If you are new to learning programming and do not know where to start, please try Problem A “Welcome to AtCoder” from practice contest. There you can find a sample code for each language.
Also, if you are not familiar with problems in programming contests, we recommend you to try some problems in “AtCoder Beginners Selection” (https://atcoder.jp/contests/abs).
「競プロ典型 90 問」(Typical 90 Problems of Competitive Programming) (https://atcoder.jp/contests/typical90) is a collection of typical 90 competitive programming problems; unfortunately, currently the problem statements are all Japanese.
「C++入門 AtCoder Programming Guide for beginners (APG4b)」(https://atcoder.jp/contests/APG4b) is a C++ tutorial for competitive programmers. Sadly, this is only in Japanese too.

As specified in the Problem Statement, construct the string and print the \(X\)-th character.

When constructing the string, it is easy to append one character by one. In C++, you may use push_back(); in python, you may use append().

When finding the \(X\)-th character, you may need to subtract \(1\) from \(X\) to convert one-based to zero-based numbering, because many languages adopt zero-based numbering where the first character is regarded as the \(0\)-th character, the succeeding was as the \(1\)-st, and so on.

Sample Code (C++)

#include<bits/stdc++.h>
using namespace std;

int main(){
    int n, x;
    cin >> n >> x;
    string s;
    for(int i = 0; i < 26; i++) {
        for(int j = 0; j < n; j++) {
            s.push_back('A' + i);
        }
    }
    x -= 1;
    cout << s[x] << endl;
}

Sample Code (python)

n, x = map(int, input().split())
s = []
for i in range(ord('A'), ord('Z') + 1):
    for j in range(n):
        s.append(chr(i))
print(s[x - 1])

In fact, you do not need to construct the string.

When \(X\) is either \(1,2,\ldots\), or \(N\), then the answer is A; if \(X\) is either \(N+1,N+2,\ldots\), or \(2N\), then the answer is B, …, and if \(X\) is either \(25N + 1, 25N+2,\ldots\), or \(26N\), then the answer is Z.

But this is too troublesome to implement, so let’s simplify it by using divisions.
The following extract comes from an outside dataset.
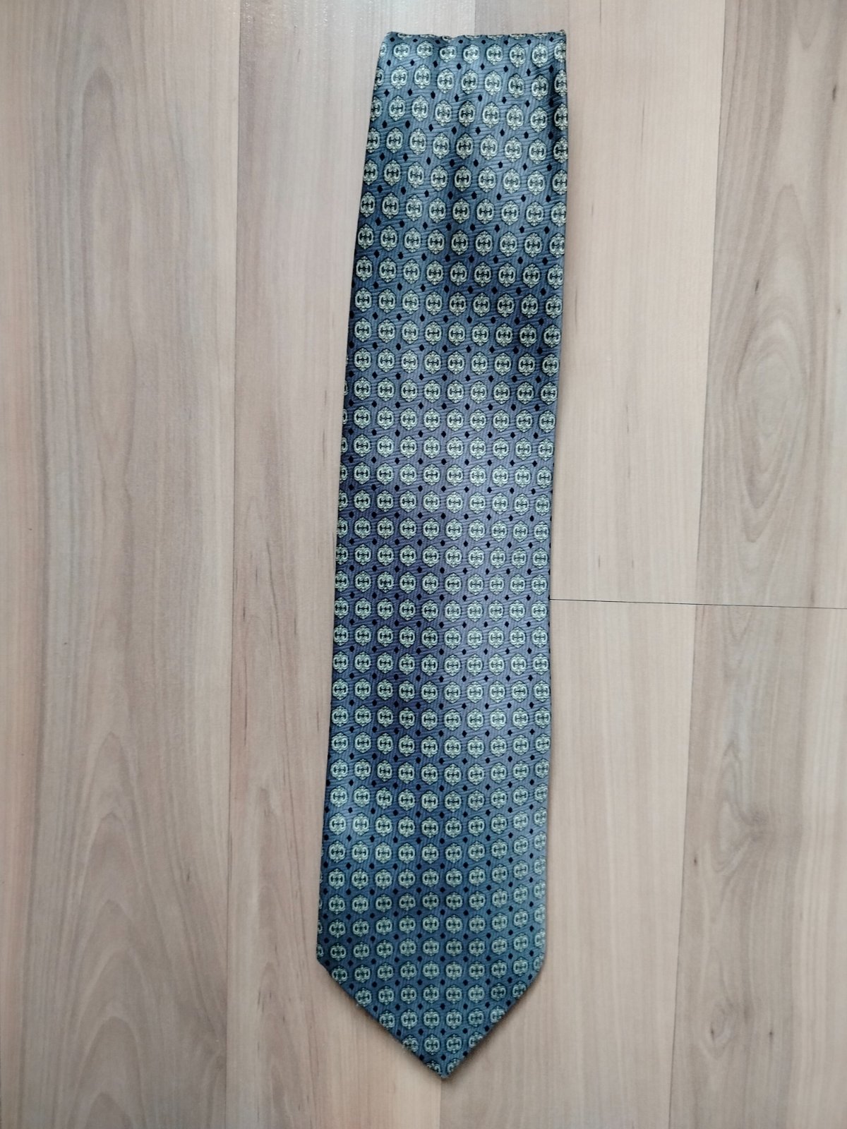 Predám peknú pánsku kravatu značky Fiotr (polyester 100%).Farba: šedá,modrošedá.Vzor: opakujúci sa zeleno-modrý "GG" monogram s čiernymi bodkami – lesklý, decentný luxusný look.Dĺžka 150 cm (štandard), šírka cca 8–9 cm.Stav výborný,minimálne nosená, bez škvŕn, dier, ošúchania (viď foto vrátane detailu štítku "Fiotr®").Skvele sa hodí k business oblekom, šedým,sivým sakám, na formálne príležitosti – pôsobí drahšie ako je.

Let \(Y\) be the quotient when \((X-1)\) is divided by \(26\), rounded down, then the answer is A if \(Y=0\), B if \(Y=1\), …, and Z if \(Y=25\).

Therefore, it is sufficient to print \(Y\) letters after A.

The following is a sample code in C++ and Python.

Sample code (C++)

#include<bits/stdc++.h>
using namespace std;

int main(){
    int n, x;
    cin >> n >> x;
    int y = (x - 1) / n;
    cout << char('A' + y) << endl;
}

Sample code (python)

n, x = map(int, input().split())
print(chr(ord('A') + (x - 1) // n))